Dem allem hat dann der Verbandsausschuss des DAV dann aber wie vom LAVB mit vorgelegt auch zugestimmt - und das obwohl vom Präsidenten Markstein versprochen worden war, dass es eine Fusion nur auf Augenhöhe geben würde, ohne Zeitdruck und mit festschreiben der für  den DAV *BISHER* wichtigen angelpolitischen Punkte.

*All dies gilt nun nicht mehr *- es geht ja auch nicht mehr um eine gleichberechtigte Fusion, sondern nur noch um den Übertritt (samt Vermögen) des DAV in den VDSF mit weiterer Gültigkeit der jetzigen VDSF-Richtlinien..

Das alles haben wir zigfach veröffentlicht und ausgeführt, so dass niemand sagen kann, er hätte es nicht gewusst.

Jeder - gerade die Brandenburger Angler - hätte also genug Zeit gehabt, über Vereine oder Kreisverband tätig zu werden.
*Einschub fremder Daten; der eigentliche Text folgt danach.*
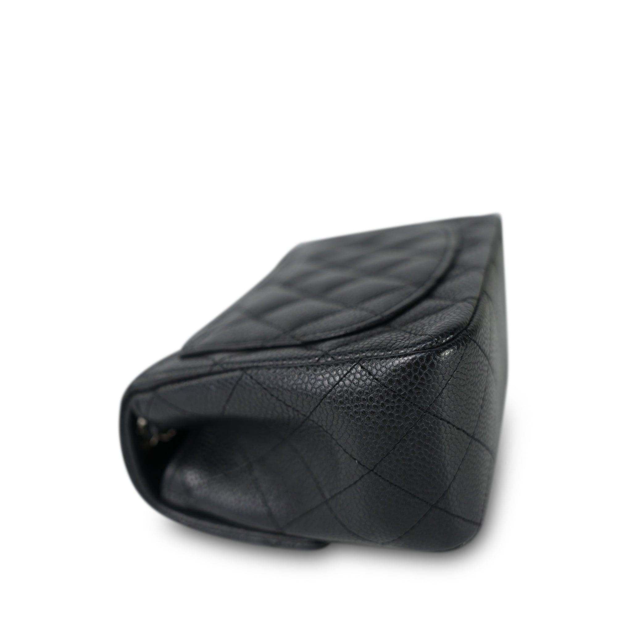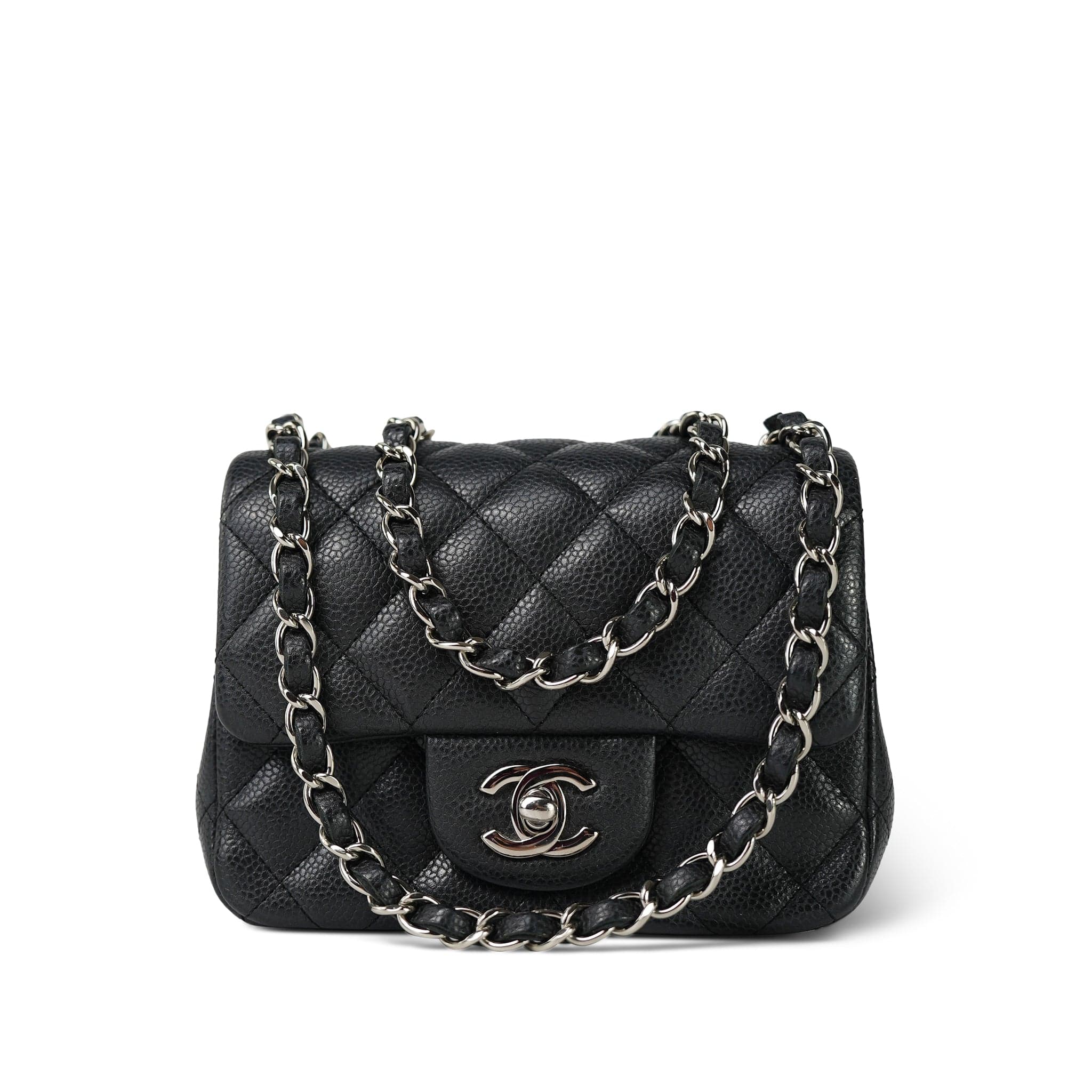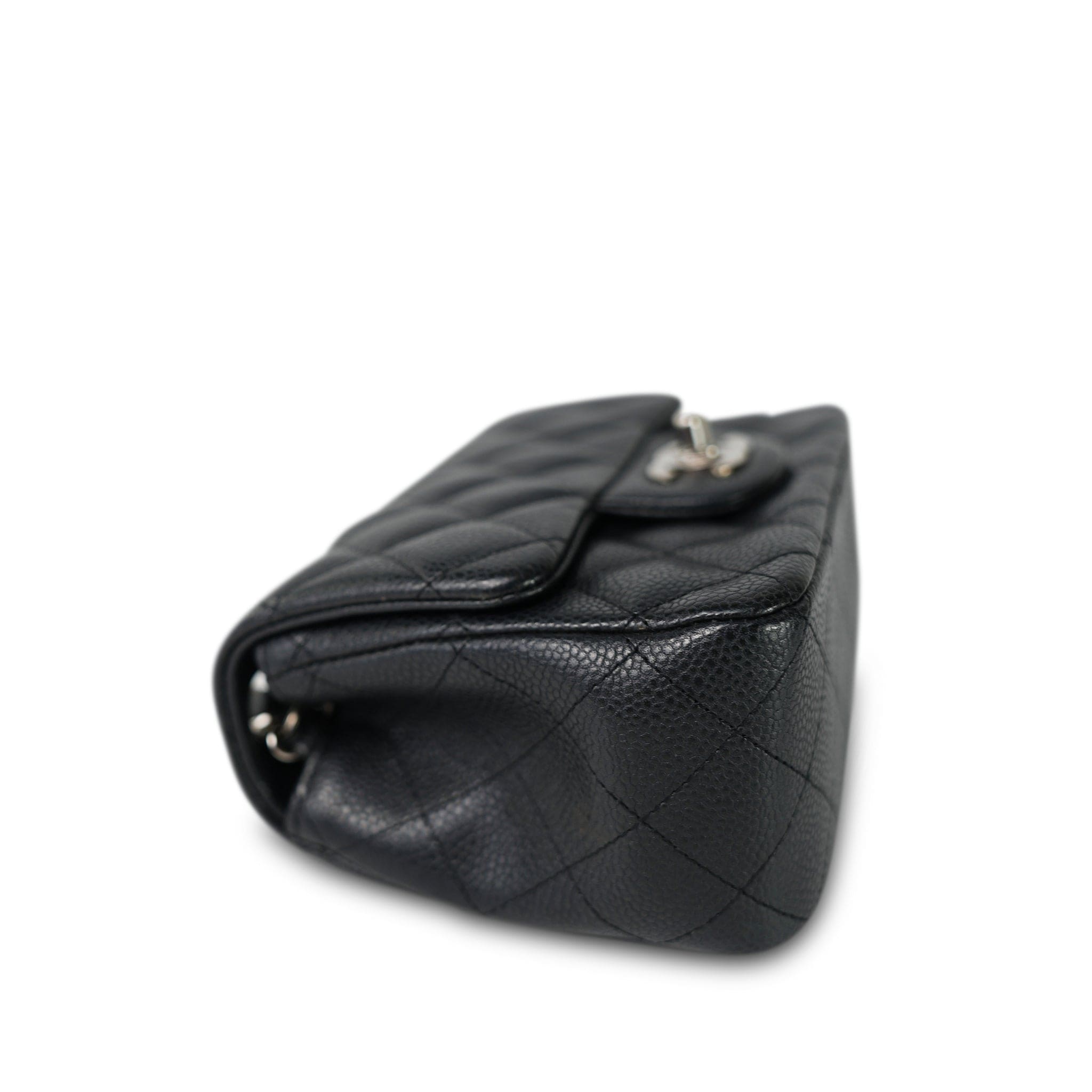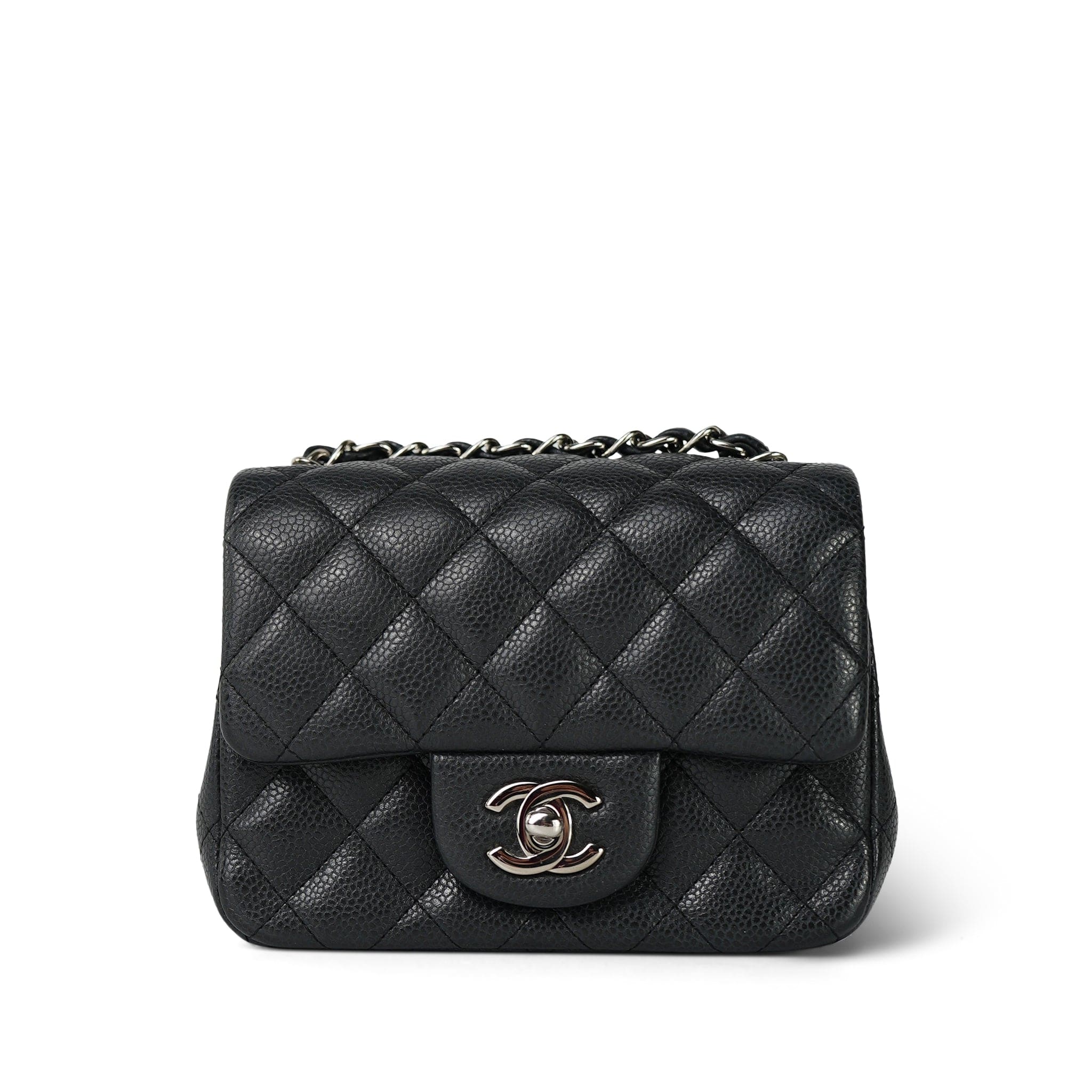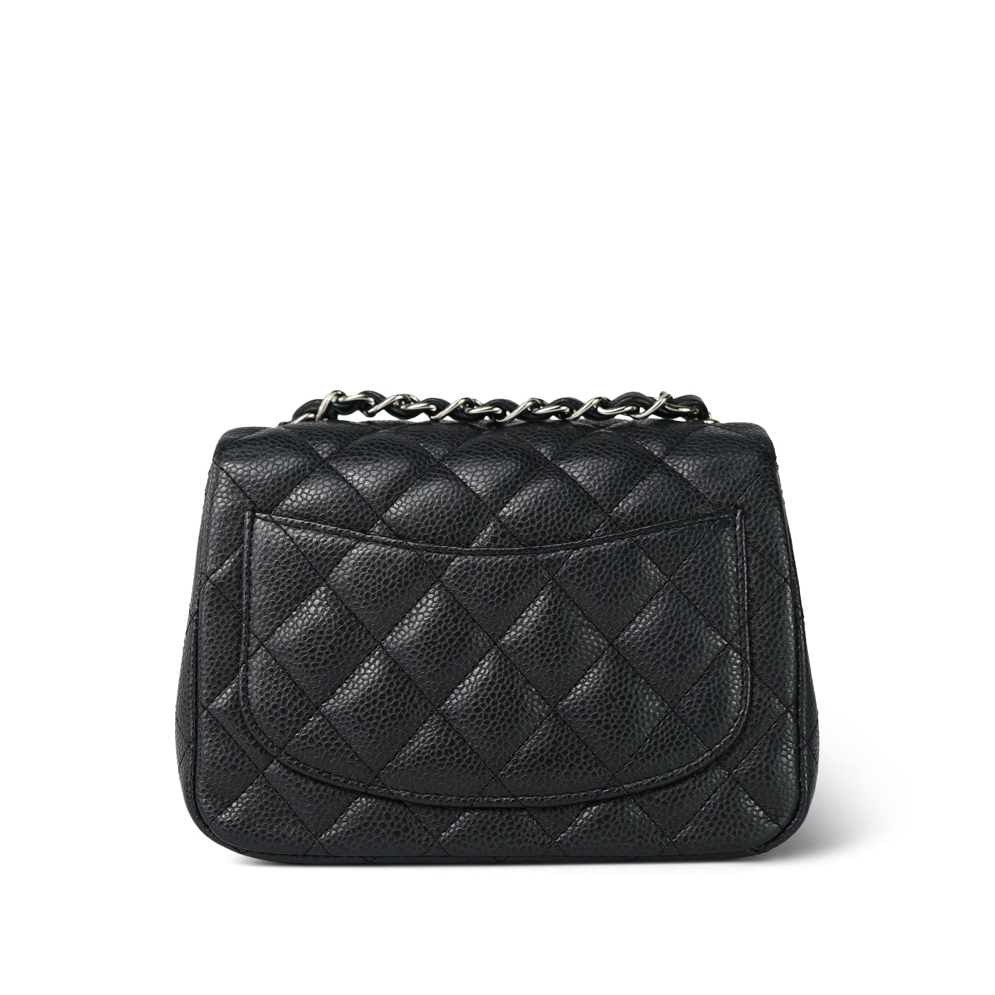 Charcoal Caviar Quilted Mini Square Flap Silver Hardware

*Das ist zwar in Einzelfällen geschehen, hatte aber nie die Mehrheit der im DAV-Brandenburg organisierten Angler gefunden. *

Daher bleibt festzuhalten, dass der DAV-Landesverband Brandenburg und die Mehrheit der dort organisierten Angler folgendes will, was nach der bisherigen Vorgehensweise des LAVB so ablesbar ist:
*Einen Übertritt des DAV in den VDSF bei den jetzt geltenden angelpolitischen Richtlinien des VDSF, ohne festschreiben der für den DAV bisher wichtigen angelpolitischen Punkte in der Satzung oder einem Zusatzdokument bis zum Ende des Jahres.*

Dass ich persönlich es angelpolitisch für eine Katastrophe halte, wenn es nur noch den VDSF (auch wenn der dann in DAFV umbenannt werden soll) geben wird und dessen angelpolitische Ansichten, ist ja nun nichts Neues.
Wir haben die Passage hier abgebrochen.